Après une brève présentation de son parcours, Jean-Philippe Tessé a rappelé au public les étapes de la carrière de Oliveira, un cinéaste qu'il apprécie particulièrement. Mort à 106 ans, la légende raconte qu'il rajeunissait d'un an à chaque anniversaire. De Oliveira réalise son premier long-métrage, Aniki-Bobo en 1942. Puis il va connaître une certaine irrégularité dans sa production liée, notamment aux problèmes qu'il rencontre avec la censure, sous le régime de Salazar.
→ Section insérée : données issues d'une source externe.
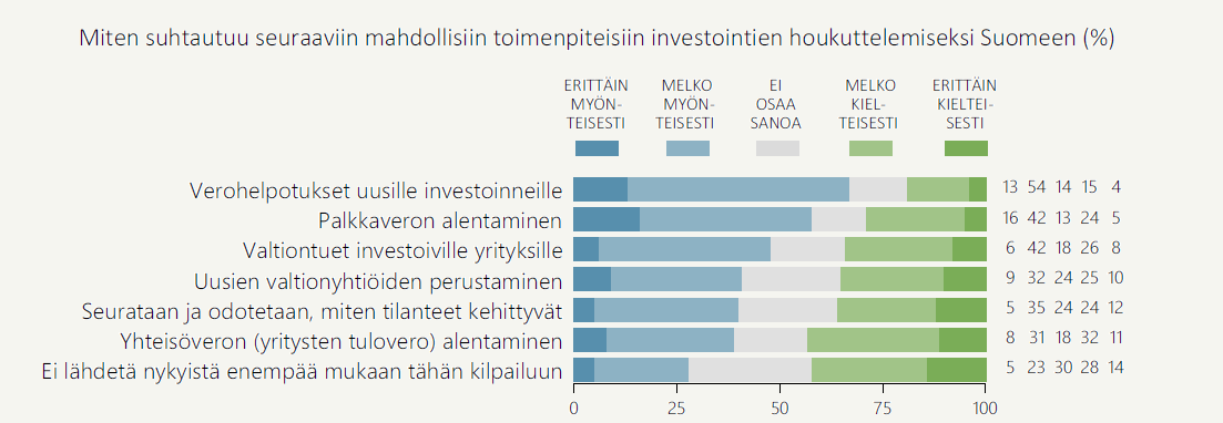 - Selvä enemmistö suomalaisista (67 %) suhtautuu myönteisesti verohelpotuksiin uusille investoinneille.
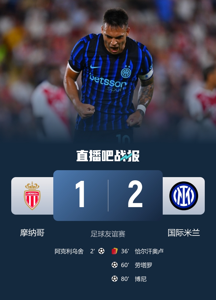 友谊赛对阵,十东说念主国米2-1逆转摩纳哥,恰20在第36分钟就染红,劳塔罗、博尼破门助球队取胜。

Il faudra attendre les années 1970 pour qu'il commence à être reconnu au Portugal, alors qu'il n'a de cesse de parler du pays, dans ses œuvres.
En France, on commencera à s'intéresser au cinéaste qu'à partir des années 1980. Jean-Philippe Tessé considère que l'essentiel de la carrière de Manoel De Oliveira s'étend de ses 75 ans à ses 106 ans. Pour Tessé, le cinéaste avait encore des projets de films (au Brésil, notamment), avant que la mort ne le rattrape, en avril 2015. Jean-Philippe Tessé avait eu la chance de le rencontrer peu de temps avant sa mort, et il parle d'Oliveira comme d'une « force de la nature ». Il est revenu sur son expérience aux côtés du cinéaste portugais, lors du tournage de Gebo et l'ombre (en 2012). Téssé évoque un homme d'une « grande intelligence » qui se caractérisait par la « précision du regard » et son « sens du détail dans la composition du plan ». Pour clore cette partie introductive liée à la carrière de Oliveira, Tessé a évoqué les enjeux du cinéaste, dans l'ensemble de son œuvre, à la fois, une grande réflexion sur la civilisation européenne (et portugaise), et dans le même temps, une réflexion plus intime, sur la mort, sur le cinéma, sur les images en général. Enfin, il a donné quelques pistes pour envisager le film, celles sur lesquelles il souhaitait revenir au terme de la projection. Pour Jean-Philippe Tessé, le film est conçu comme une composition picturale en perspective, typique de la Renaissance (impliquant différentes clés de lecture) dès lors qu'on parvient à déceler les symboles. L’étrange affaire Angélica se caractérise, pour Tessé, comme un film aux aspects occultes qui demande aux spectateurs un travail de déchiffrement, ce qu'il a appelé « le mysticisme du caché ».
Lors du débat qui a fait suite à la projection de L’étrange affaire Angélica. Jean-Philippe Tessé a évoqué la genèse du film. La première version du scénario datant de 1952, d'une certaine manière, il est possible de sentir ces soixante années de travail, comme pour justifier cette impression d'intemporalité qui se dégage. Ainsi, on ne retrouve aucune (ou presque) référence au monde tel que nous le connaissons aujourd’hui. Cette première version aurait été écrite par le cinéaste à partir d'un souvenir. Celui d'une journée où Oliveira avait dû, lui-même, réaliser le portrait d'une morte, une cousine éloignée de sa femme, sur son lit de mort. Et c'est de ce mouvement de réglage typique de l’appareil Leica, lorsque l'image se dédouble, que l'idée lui est venue.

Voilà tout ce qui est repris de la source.